Yes, exactly. Thanks!
> DC: Two reasons:
>
> 1. The only way you can be sure that a consumer
> will notice that you mean the same thing is
> that you've spelled it the same way. I think
> that they're not wrong. Nothing wrong with
> string compare.
> 2. In general, it's an art to gather that
> something spelled differently means the same
> thing.
>
> TB: If we believe that, should there be a
> recommendation that "when you do this, only
> %-escape when you have to, and use lowercase
> letters." Where should that be written?
> DC: Shortest path to target is the I18N WG.
> RFC 2396 applies equally to all URI schemes.
> Generating absolute from relative URI is not
> scheme-specific.
> DO: There are absolutization scheme(s) and
> things like scheme-specific rules (e.g.,
> generating an absolute) and we should take
> this into account when we talk about doing a
> string compare.
> RF: Different issues here. There is a syntax
> mechanism to go from rel URI to abs URI. But
> no scheme-specific semantics on that. There
> are scheme-specific fields (e.g,. host name)

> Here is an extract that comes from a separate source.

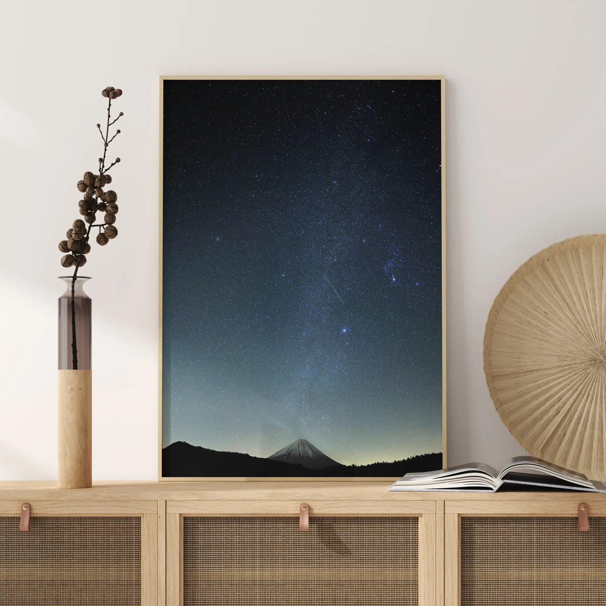Красива постер с нощно небе и метеор. Със заснежена планина, която се вижда в далечината, има мистично усещане за магическите бели звезди. Лъч естествена светлина грее зад планината и създава магическото и мистично усещане. Перфектен за детска стая.

> that have equivalence rules. It boils down to
> this: the most efficient way to deal with
> these cases is to require a canonical form and
> compare by bytes.
>
> [DanC]
> There's stuff like http://www.w3.org:80/ and
> http://www.w3.org/ , which are specified, in a
> scheme-specific manner, to mean the same
> thing.
>
> [Ian]
> DO: So, canonicalize according to scheme and
> generic rules, then compare.
> RF: The only entity that does the
> canonicalization is the URI generator; not at
> comparison time. Inefficient to canonicalize
> at compare time.
>
> [Ian]
> RF: Making a URI absolute is
> scheme-independent. That's required so we can
> add schemes later on.
> DC: There was a backlash in the XML community
> about saying absolutize.
> TB: That was a different issue.
> DC: I don't understand the difference.
> DO: Namespaces used as identifiers rather than
> for dereferencing. Requiring absolute URIs was
> meant to facilitate authoring.
> TB: I hear people arguing that string
> comparison necessary. I think there needs to
> be a statement of principle to get good
> results:
>
> 1. Don't use %-escape unless you have to.

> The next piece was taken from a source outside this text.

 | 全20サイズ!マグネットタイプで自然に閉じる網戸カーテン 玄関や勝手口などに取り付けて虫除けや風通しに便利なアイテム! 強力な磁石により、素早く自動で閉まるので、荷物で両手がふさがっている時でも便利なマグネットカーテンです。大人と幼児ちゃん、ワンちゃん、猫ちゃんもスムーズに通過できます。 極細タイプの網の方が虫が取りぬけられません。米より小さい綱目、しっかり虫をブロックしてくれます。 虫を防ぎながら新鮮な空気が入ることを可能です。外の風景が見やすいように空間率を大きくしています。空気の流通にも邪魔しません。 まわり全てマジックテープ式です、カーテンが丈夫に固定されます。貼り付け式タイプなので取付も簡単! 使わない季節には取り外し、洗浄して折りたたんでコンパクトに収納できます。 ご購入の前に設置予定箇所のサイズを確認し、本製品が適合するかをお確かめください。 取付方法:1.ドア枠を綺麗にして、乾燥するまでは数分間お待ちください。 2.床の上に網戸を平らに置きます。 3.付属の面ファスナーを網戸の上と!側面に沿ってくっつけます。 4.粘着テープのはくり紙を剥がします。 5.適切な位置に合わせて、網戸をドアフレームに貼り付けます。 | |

> 2. Yse lowercase when doing so.
>
> TB: Where do we take these suggestions?: (a)
> We have a section on the arch doc on comparing
> URIs or (b) ask I18N WG to deal with this.
> RF: Or add a stronger suggestion to the URI
> spec itself.
> TB: That's a wonderful answer!
> RF: I can add this to the issues list (section
> on URI canonicalization). I can't promise that
> it will be answered there.
I think it belongs in an updated version of the URI spec.
But because it's of particular importance for IRIs, and
because I think the IRI spec will move ahead before the
revision of the URI spec, I have added something in the
editing version of the IRI spec.
(see http://www.w3.org/International/Group/iri-edit/
for those who have member access):
>>>>
2) Convert each octet to %hh, where hh is the hexadecimal
notation of the octet value. Note: This is identical to
the escaping mechanism in Section 2.4.1 of [RFC2396].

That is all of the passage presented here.